Lithuanian composer Mikolajus Kosntantinas Čiurlionis (1875-1911) was the son of an organist and started the musical school of Polish Prince Michał Ogiński in Plungė before attending the Warsaw Music Institute at age 19. He started as a piano student, then took up composition. Further study in composition in Leipzig was with Carl Reinecke and Salomon Jadassohn, who had been a student of Liszt’s. In 1902, he took up art, attending the Warsaw Drawing School and the School of Fine Arts.
When he returned to Lithuania after 1905, when the Russian Revolution had led to lessened restrictions on the cultural minorities of Russia, he learned Lithuanian (he had spoken Polish before) and became heavily involved in Lithuanian nationalism, particularly through the national choral movement and folk music. He also participated as an artist, contributing to the First Exhibition of Lithuanian Art that took place in 1907 in Vileišis Palace, Vilnius. He married Sofija Kymantaitė (1886–1958), an art critic, in 1909. Also in 1909, he exhibited some of his paintings in St. Petersburg. Returning, he fell in to a deep depression and was hospitalized in a psychiatric hospital north of Warsaw in early 1910. He remained there until his death of pneumonia in 1911, age 35.

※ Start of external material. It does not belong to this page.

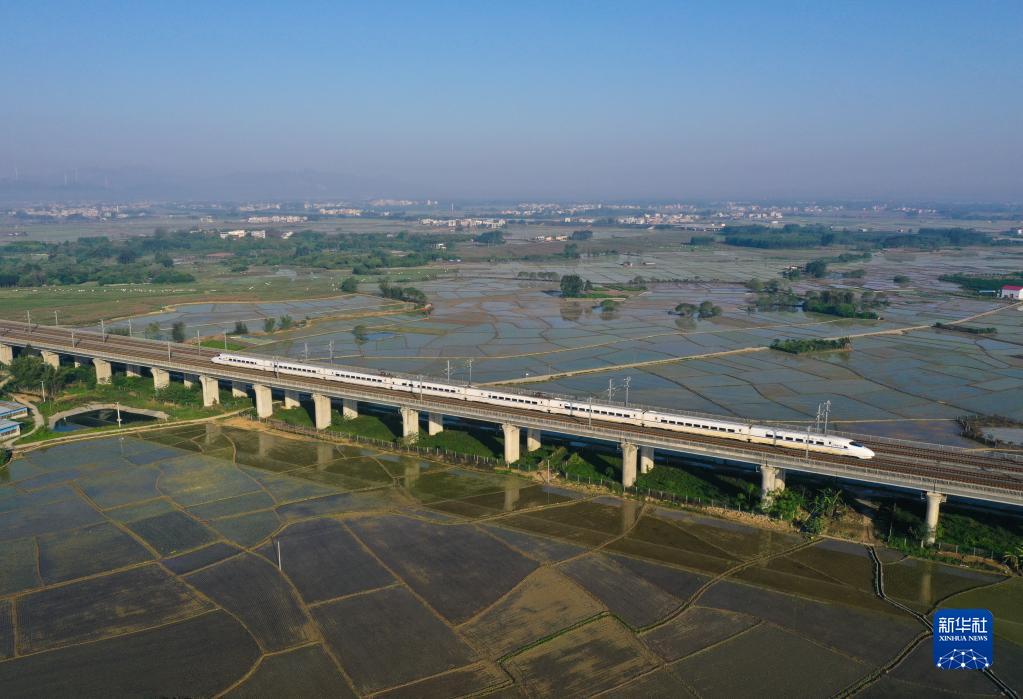 一列動車組列車在廣西南寧市賓陽縣古辣鎮的田野上行駛(4月4日攝,無人機照片)。

One of the contributing factors to his art was the fact that he had synaesthesia, and heard colours. Many of his art works bear musical names, including 7 3-and 4-painting Sonata cycles, a 10-painting cycle called Fantasies, a 7-painting cycle called Funeral Symphony, and diptych entitled Prelude and Fugue. As an artist at the end of the 19th century, he contributed to both symbolism and art nouveau and was a pioneer of abstract art in Europe.
In his brief life, he wrote nearly 350 pieces of music and created over 400 paintings. His early music, written when he was still closely associated with Warsaw, show a fascination with Chopin and, at the same time, exploration of new ways of polyphonic thinking. In his later music, he shows an interest in tone rows, the predecessor of serialism, a focus on the outer voices to match the visual stability of his paintings. His sister, Jadvyga Čiurlionytė, was the first to organize his work into opus numbers. The majority of his music was for piano or vocal ensembles, with a small amount of orchestral writing.
His two symphonic poems, In the Forest (1901) and The Sea (1907) are his most important orchestral works.
In the Forest was begun in 1900, just before Čiurlionis went to Leipzig. We can hear his turn-of-the-century influences with both Finnish music, as using Sibelius as an example, and German music, when he’s using the orchestra in ways that are ‘evocative but never mere narrative.’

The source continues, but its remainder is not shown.